INFORMATION SUPPLIED:
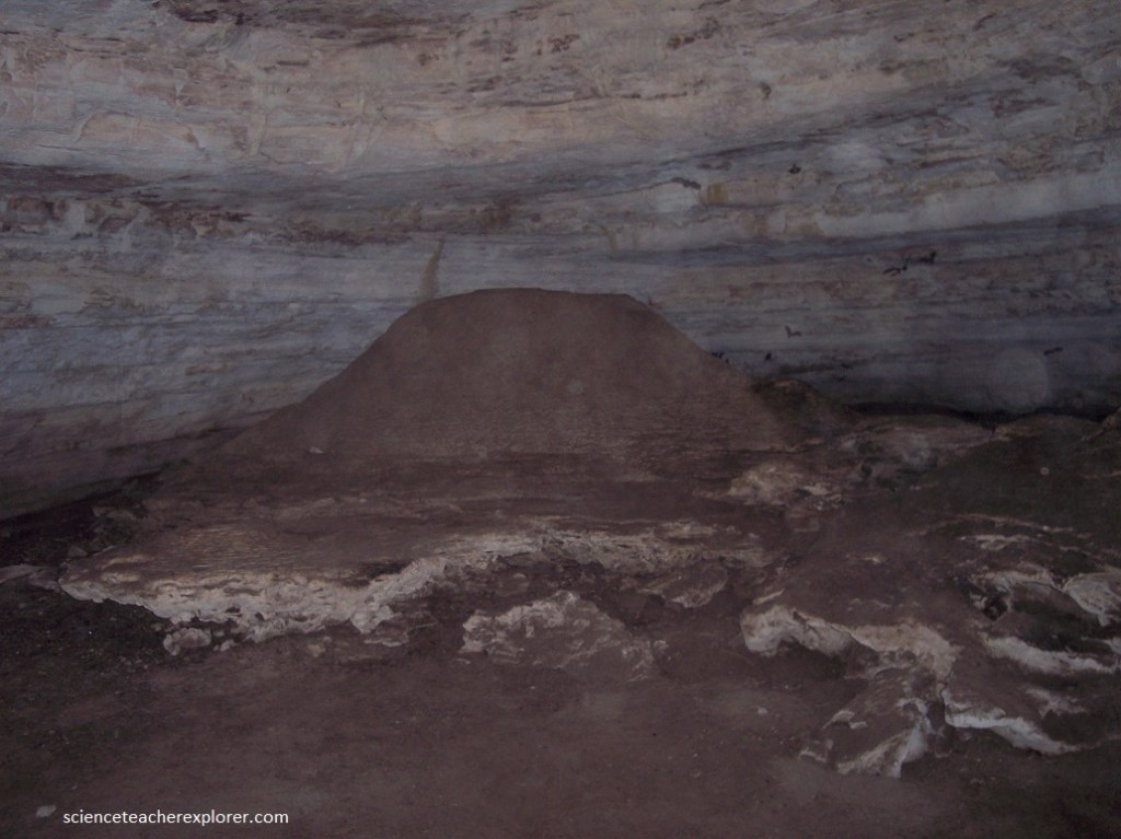 Pictured above, another flank margin cave that we explored was the “Altar Cave” on the southwestern part of San Salvador Island. Altar Cave is hosted in aragonitic, oolitic calcarenite limestones of the Cockburn Town Member of the Grotto Beach Formation of the Upper Pleistocene. This cave was nearly an intact, breached flank margin cave. Altar Cave was erosionally intercepted by the development of a wave-cut, paleo-sea cliff formed during the mid-Holocene, at about 5000 years ago. Altar Cave consisted of one main chamber. Pictured above, a large mound of travertine speleothem occurs near the northeastern corner of the main chamber and somewhat resembles a ceremonial altar. The cave entrance was low and required crawling. The entrance passage had a sand-covered floor and the bedrock floor occurred at up to 2 m below the present sediment-covered cave floor.
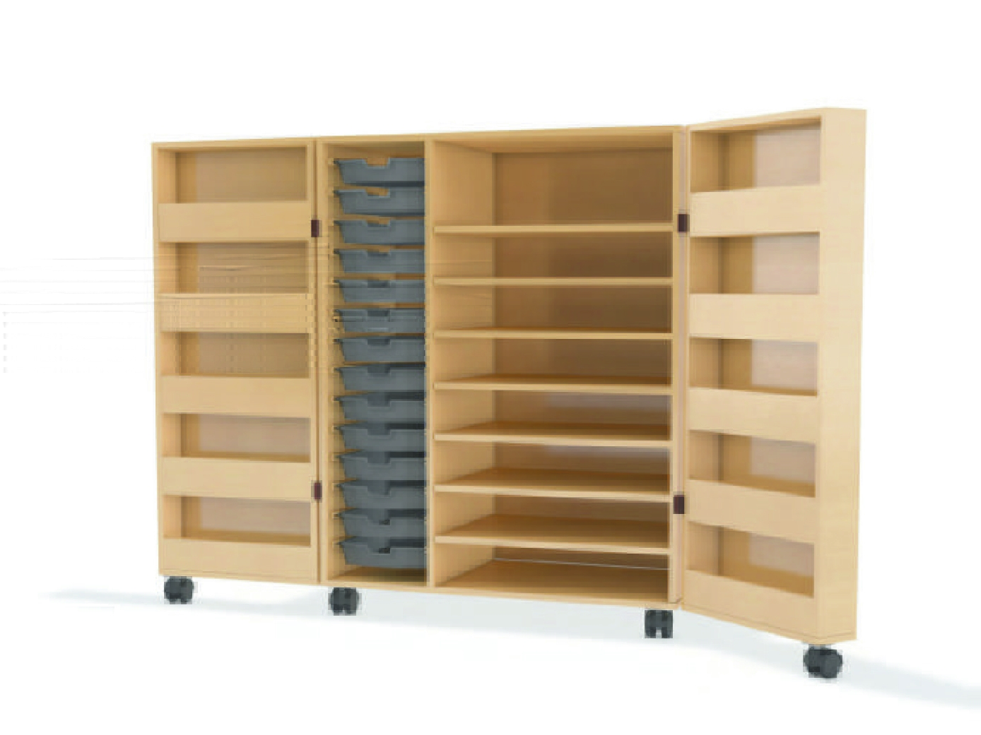 rechts 6 Einlegeböden, 1 fester Boden und links 14 Schienen für Kunststoffschübe CS 1 oder CS 2 (Kunststoffschübe separat bestellen!)
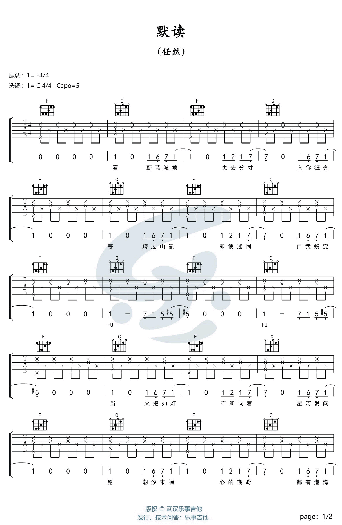 曲谱介绍: 任然《默读》吉他弹唱谱,采用C调指法编配,乐事吉他编配出品,共有2张高清图谱,免翻页排版设计。
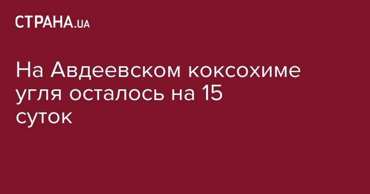 Директор Авдеевского коксохимического завода Муса Магомедов заявил, что из-за блокады Донбасса запасов угля на предприятии осталось только на 15 суток работы. Об этом сообщает "112 Украина".

TRY IT: Please set down the lines above word for word and leave out the pictures.

ANSWER BOX:
 Pictured above, another flank margin cave that we explored was the “Altar Cave” on the southwestern part of San Salvador Island. Altar Cave is hosted in aragonitic, oolitic calcarenite limestones of the Cockburn Town Member of the Grotto Beach Formation of the Upper Pleistocene. This cave was nearly an intact, breached flank margin cave. Altar Cave was erosionally intercepted by the development of a wave-cut, paleo-sea cliff formed during the mid-Holocene, at about 5000 years ago. Altar Cave consisted of one main chamber. Pictured above, a large mound of travertine speleothem occurs near the northeastern corner of the main chamber and somewhat resembles a ceremonial altar. The cave entrance was low and required crawling. The entrance passage had a sand-covered floor and the bedrock floor occurred at up to 2 m below the present sediment-covered cave floor.
 rechts 6 Einlegeböden, 1 fester Boden und links 14 Schienen für Kunststoffschübe CS 1 oder CS 2 (Kunststoffschübe separat bestellen!)
 曲谱介绍: 任然《默读》吉他弹唱谱,采用C调指法编配,乐事吉他编配出品,共有2张高清图谱,免翻页排版设计。
 Директор Авдеевского коксохимического завода Муса Магомедов заявил, что из-за блокады Донбасса запасов угля на предприятии осталось только на 15 суток работы. Об этом сообщает "112 Украина".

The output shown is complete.